For now, we have four simulators that are ready to be interacted with. The BeerFMTEnv,  the PenSimEnv, the AtropineEnv and the ReactorEnv. Below are some details for each of them.


The BeerFMTEnv provides a typical simulation of the industry-level beer fermentation process. The end goal of which is to reach the stop condition (finish production) with a certain time limit, the quicker the better. The only input that the simulation takes is the reaction temperature. To better assist any control algorithms, we also provided a canonical production process under this simulation, which was named and written in different ‘profiles’. Details could be found here.


Penicillin core.svg

The PenSimEnv aims to simulate the penicillin production process. The simulation itself is based on PenSimPy, and this blog has the best description of it.


Atropine - Wikipedia

The AtropineEnv simulates the atropine production process. We also provide it with a Model Predictive Controller (MPC) and an Economic Model Predictive Controller (EMPC) for benchmarking purposes. A much detailed description can be found in this blog.

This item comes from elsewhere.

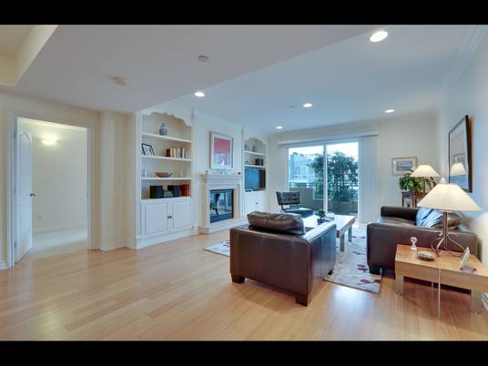 Designer perfect front Penthouse with views built in 2003 and recently updated! Great entertainment floor plan with hardwood floors, spacious dining and living area with beautiful built-ins which open to a large terrace. Gourmet granite kitchen with stainless appliances. Large Master bedroom suite that opens to a terrace, 2 closets and spa-like marble bathroom. 2nd bedroom on opposite side of home with a large bedroom and marble bath. Laundry in unit. S/S parking, extra storage unit, fabulous location to freeway & restaurants.

The ReactorEnv serves as a general Continuous Stirred Tank Reactor (CSTR) Process Model, which provides the necessary conditions for a chemical reaction to take place. The ‘continuous’  here means that the reactants and products are continuously fed and withdrawn from the reactor respectively. It also comes with a prebuilt MPC and a Proportional–Integral–Derivative (PID) controller.

We believe that the QuarticGym provides a testbed that could accelerate research on advanced ai based algorithms like deep reinforcement learning for industrial controls. We will work continuously on this project to bridge the gap between deep learning based control research and productization. There are still more simulations to be added in the near future and everyone is welcome to take advantage of it or contribute to it!